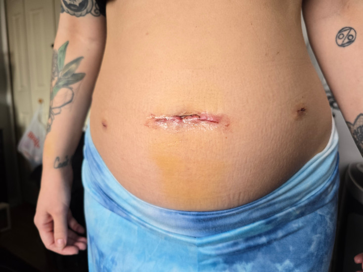 I decided also want to show y'all my incisions. They are UGLY this time around. Compared to the first time, this is gross and it hasn't gotten better yet. Scroll at your own risk.
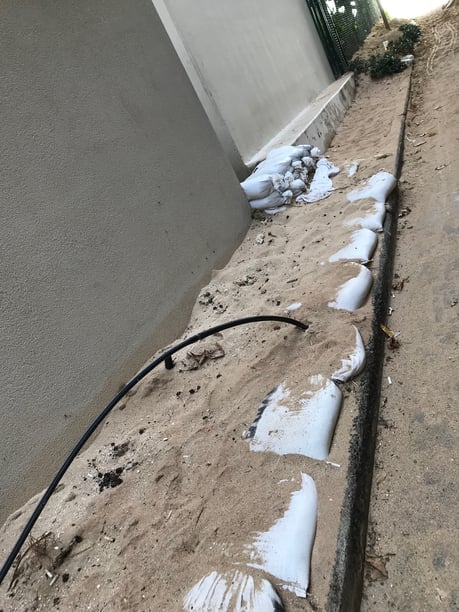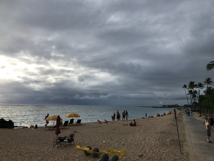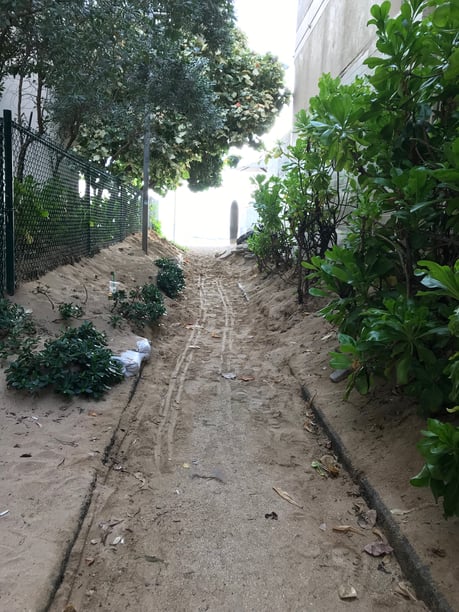 ハレクラニとリーフホテルの間の道にこんなに砂が。
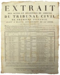 1810. LOIRE. TRIBUNAL CIVIL. Extrait des actes du Greffe du Tribunal Civil de Première Instance, …
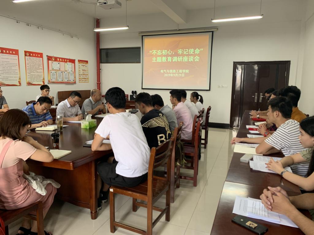 党委召开“不忘初心、牢记使命”主题教育调研座谈会。院党委书记叶凤华、院长王兵、院党委副书记郭宏、各年级辅导员以及来自各年级的15名本科生、研究生代表参加了会议。会议由郭宏主持。
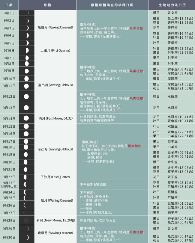 雖然這套生物動力歷法在外人看來似乎有些“玄乎”,但也有其理論依據(jù)。該體系認為,像海水的潮汐現(xiàn)象一樣,植物中的液體也會隨著月亮對地球引力變化而轉(zhuǎn)移至不同部位。比如月圓時植物中的液體會向冠部集中,適合種植、嫁接、采收,月缺時液體會向根部集中,更適合除草、翻土、修枝、施肥。
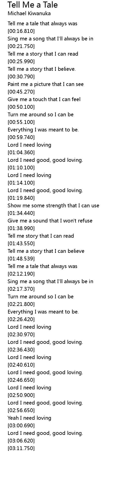 | [00:18.930] | Sing me a song that I' ll always be in |
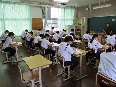 本日から第2回定期テストが始まりました。今日のテストは、1年生は技術家庭・英語、2年生は数学・社会、3年生は理科・国語でした。どの学年の生徒も集中して取り組んでいました。
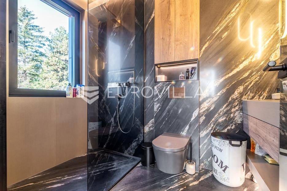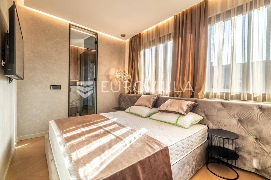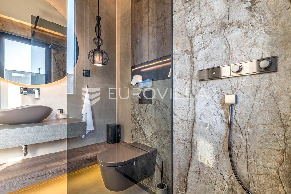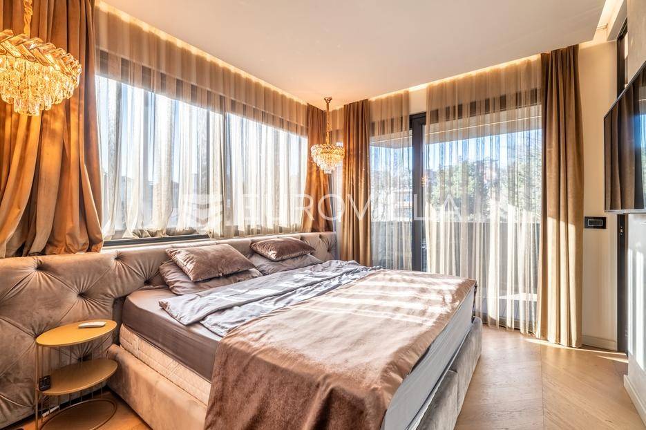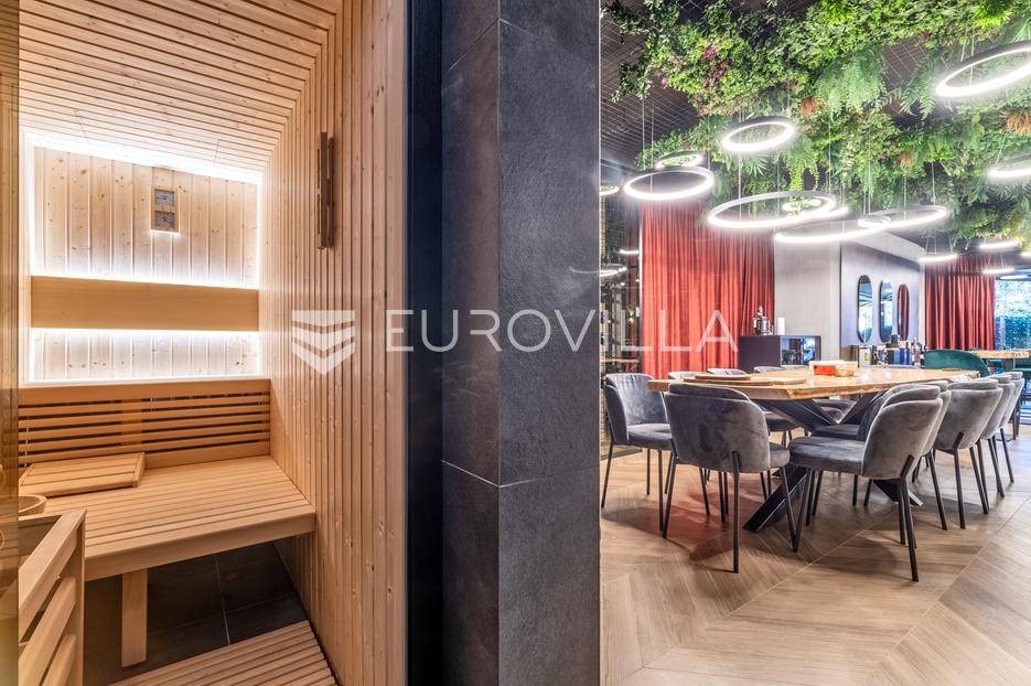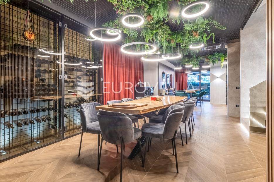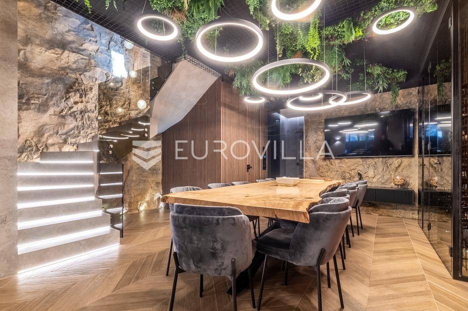 Srebrnjak, NOVOGRADNJA, ekskluzivna luksuzna villa projektirana prema najvišim građevinskim standardima zatvorene površine 185,00 m2 na jednoj od najljepših mikrolokacija u centru grada.Izgrađena na 3 etaže koje su međusobno povezane unutarnjim stubištem i liftom. Podrum: prostor za druženje s izlazom na prostranu terasu s jacuzzijem, kupaonica, sauna i gospodarstvo. Prizemlje: dnevni boravak, kuhinja i blagovaonica otvorenog tlocrta, garderoba. Prvi kat: hodnik, dvije spavaće sobe s kupaonicama, master soba s kupaonicom i garderobom, loggia 9,10 m2. Pripada joj dvorište s natkrivenim parkingom za dva vozila. Ukupno obračunski NKP 245,90 m2.Prodaje se potpuno namještena i opremljena. Visoko kvalitetna oprema: aluminij stolarija (troslojno izo staklo), protuprovalna ulazna vrata, vrhunska keramika i sanitarna oprema, podno grijanje kroz cijeli prostor ville, električne rolete, dizalica topline, rekuperatori zraka, sve skrivene stropne jedinice, smart rasvjeta, alarm, kamere…Vrlo dobro prometno povezano autobusnim i tramvajskim linijama koja je u blizini sa svim dijelovima grada. U blizini lokacije je gradski vrtić i osnovna škola, tržnica Kvatrić, dom zdravlja, pošta, ljekarne, trgovine i sve potrebno za kvalitetan obiteljski život.Sve ostale informacije na upit.

# Work item
In the listing above, the required lines run from the line with "1810. LOIRE. TRIBUNAL" through the line with "本日から第2回定期テストが始". Output exactly those lines, omitting pictures.

# Exercise response
 1810. LOIRE. TRIBUNAL CIVIL. Extrait des actes du Greffe du Tribunal Civil de Première Instance, …
 党委召开“不忘初心、牢记使命”主题教育调研座谈会。院党委书记叶凤华、院长王兵、院党委副书记郭宏、各年级辅导员以及来自各年级的15名本科生、研究生代表参加了会议。会议由郭宏主持。
 雖然這套生物動力歷法在外人看來似乎有些“玄乎”,但也有其理論依據(jù)。該體系認為,像海水的潮汐現(xiàn)象一樣,植物中的液體也會隨著月亮對地球引力變化而轉(zhuǎn)移至不同部位。比如月圓時植物中的液體會向冠部集中,適合種植、嫁接、采收,月缺時液體會向根部集中,更適合除草、翻土、修枝、施肥。
 | [00:18.930] | Sing me a song that I' ll always be in |
 本日から第2回定期テストが始まりました。今日のテストは、1年生は技術家庭・英語、2年生は数学・社会、3年生は理科・国語でした。どの学年の生徒も集中して取り組んでいました。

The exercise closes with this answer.